**Provided entries**
__________________________________________________

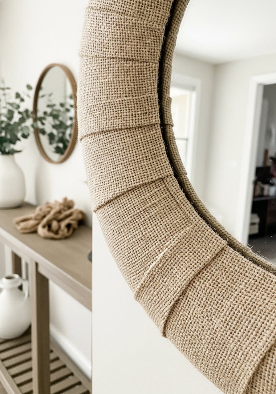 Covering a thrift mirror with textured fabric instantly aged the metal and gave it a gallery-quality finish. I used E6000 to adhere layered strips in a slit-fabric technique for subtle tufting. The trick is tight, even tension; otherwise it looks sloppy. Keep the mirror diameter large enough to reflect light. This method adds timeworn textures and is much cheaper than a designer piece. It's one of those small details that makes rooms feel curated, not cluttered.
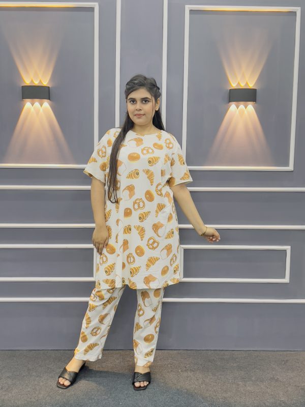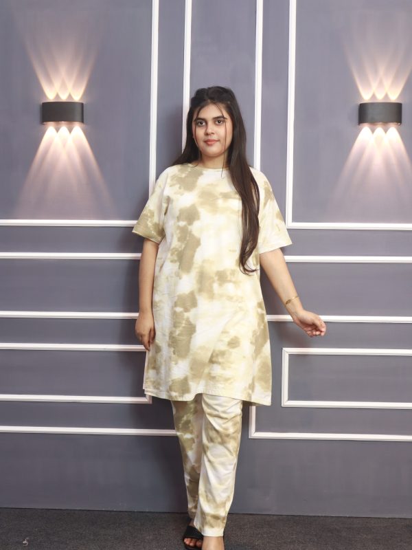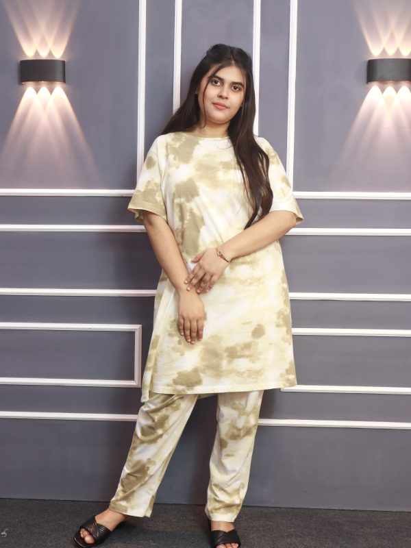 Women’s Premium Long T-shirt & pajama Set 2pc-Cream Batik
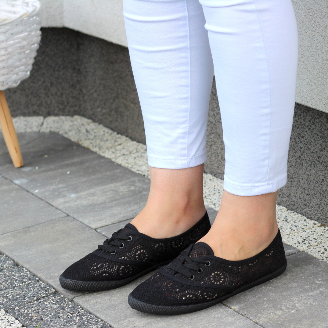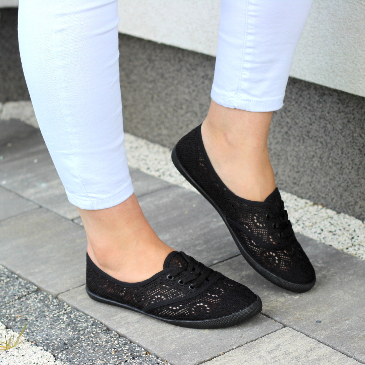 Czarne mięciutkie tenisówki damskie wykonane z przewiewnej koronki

__________________________________________________

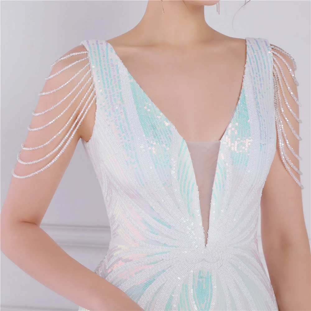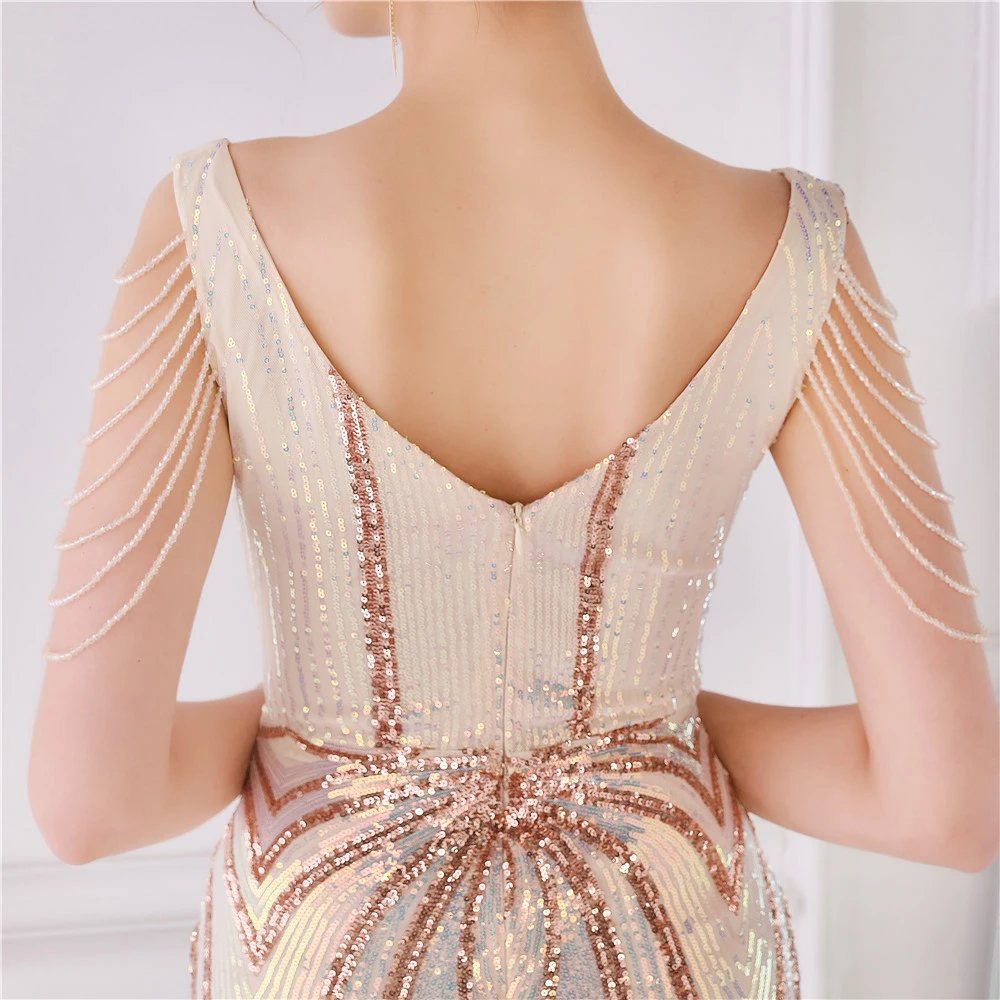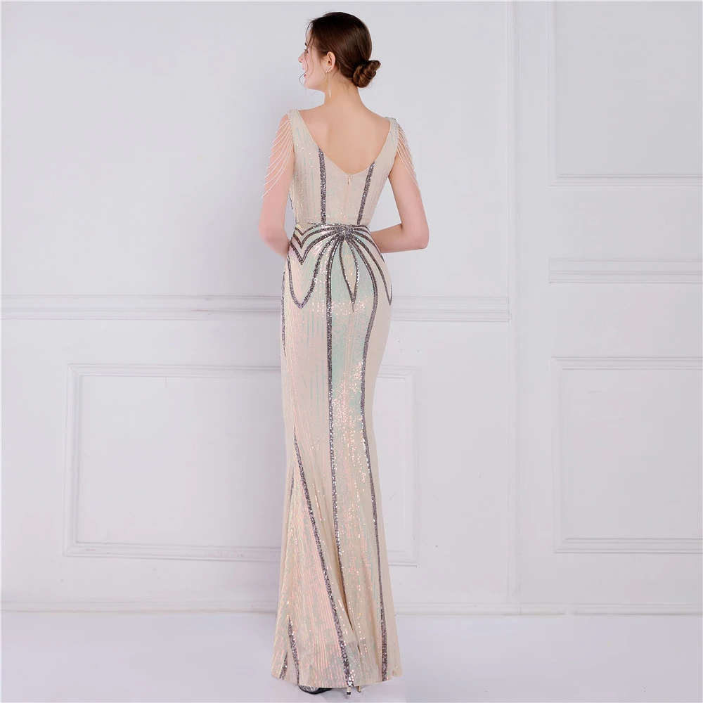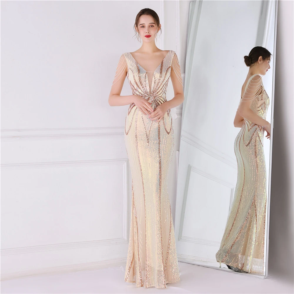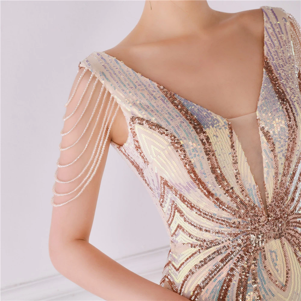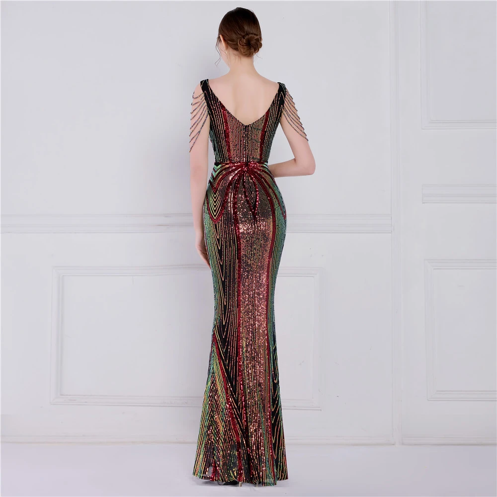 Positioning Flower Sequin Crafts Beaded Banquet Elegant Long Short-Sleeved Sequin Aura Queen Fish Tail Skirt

__________________________________________________

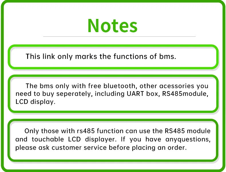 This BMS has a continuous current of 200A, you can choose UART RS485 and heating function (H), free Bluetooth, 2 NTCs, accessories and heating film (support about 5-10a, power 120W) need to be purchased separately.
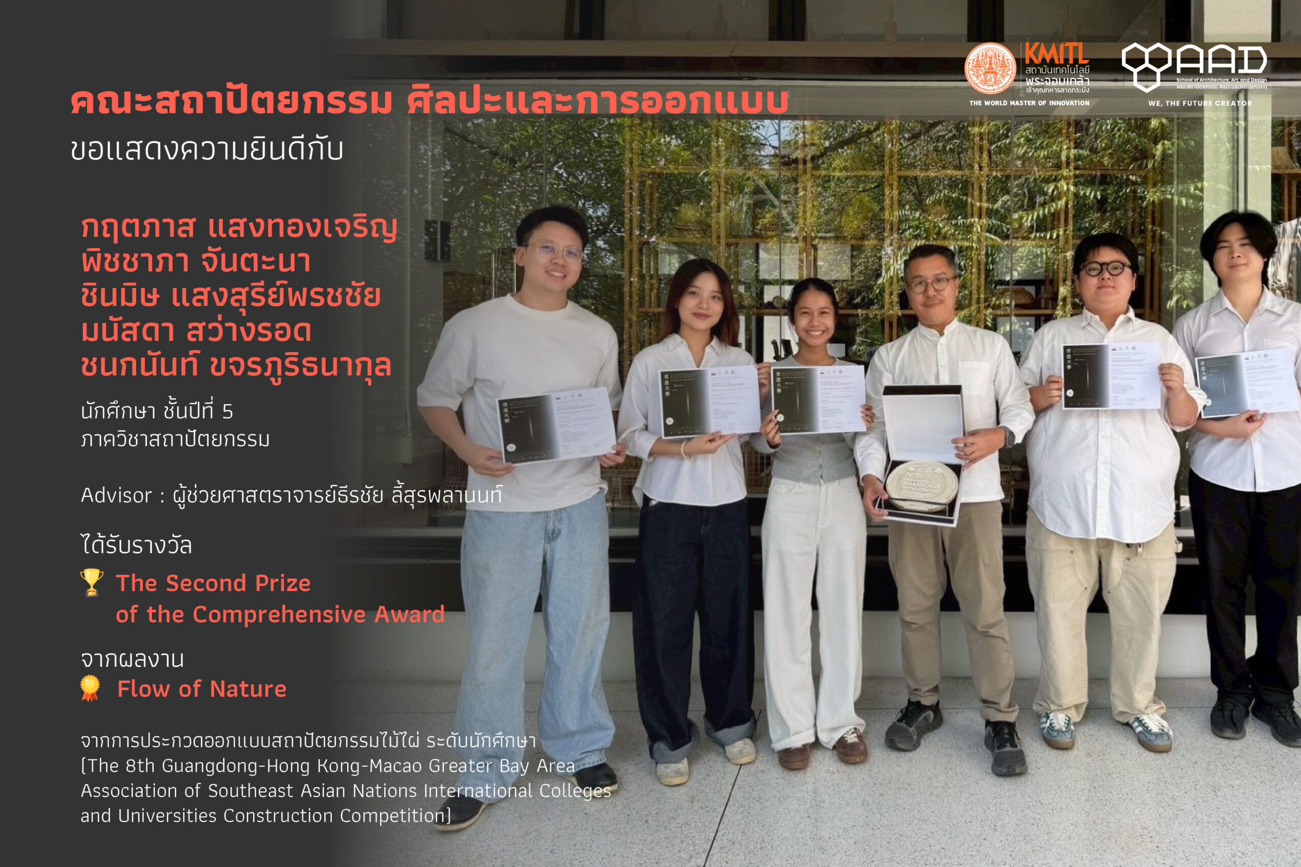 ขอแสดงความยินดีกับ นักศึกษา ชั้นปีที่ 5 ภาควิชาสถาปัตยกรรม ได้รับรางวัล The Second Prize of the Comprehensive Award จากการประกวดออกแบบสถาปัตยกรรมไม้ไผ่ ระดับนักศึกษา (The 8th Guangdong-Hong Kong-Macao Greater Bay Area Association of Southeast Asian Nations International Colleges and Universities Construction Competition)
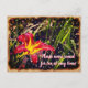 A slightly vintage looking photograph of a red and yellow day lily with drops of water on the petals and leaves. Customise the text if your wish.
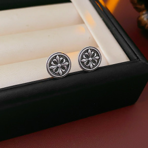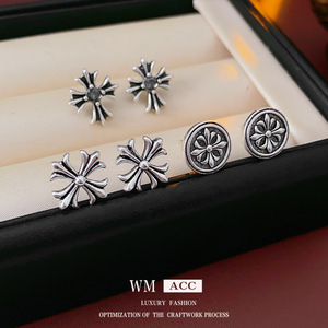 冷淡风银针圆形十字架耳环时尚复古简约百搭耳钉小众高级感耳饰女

__________________________________________________

Reproduce the entries exactly, from the line with "A slightly vintage" to the line with "冷淡风银针圆形十字架耳环时尚复古简约百搭耳钉小众高级感耳饰女", both lines included, keeping no pictures.

**Reply**
 A slightly vintage looking photograph of a red and yellow day lily with drops of water on the petals and leaves. Customise the text if your wish.
 冷淡风银针圆形十字架耳环时尚复古简约百搭耳钉小众高级感耳饰女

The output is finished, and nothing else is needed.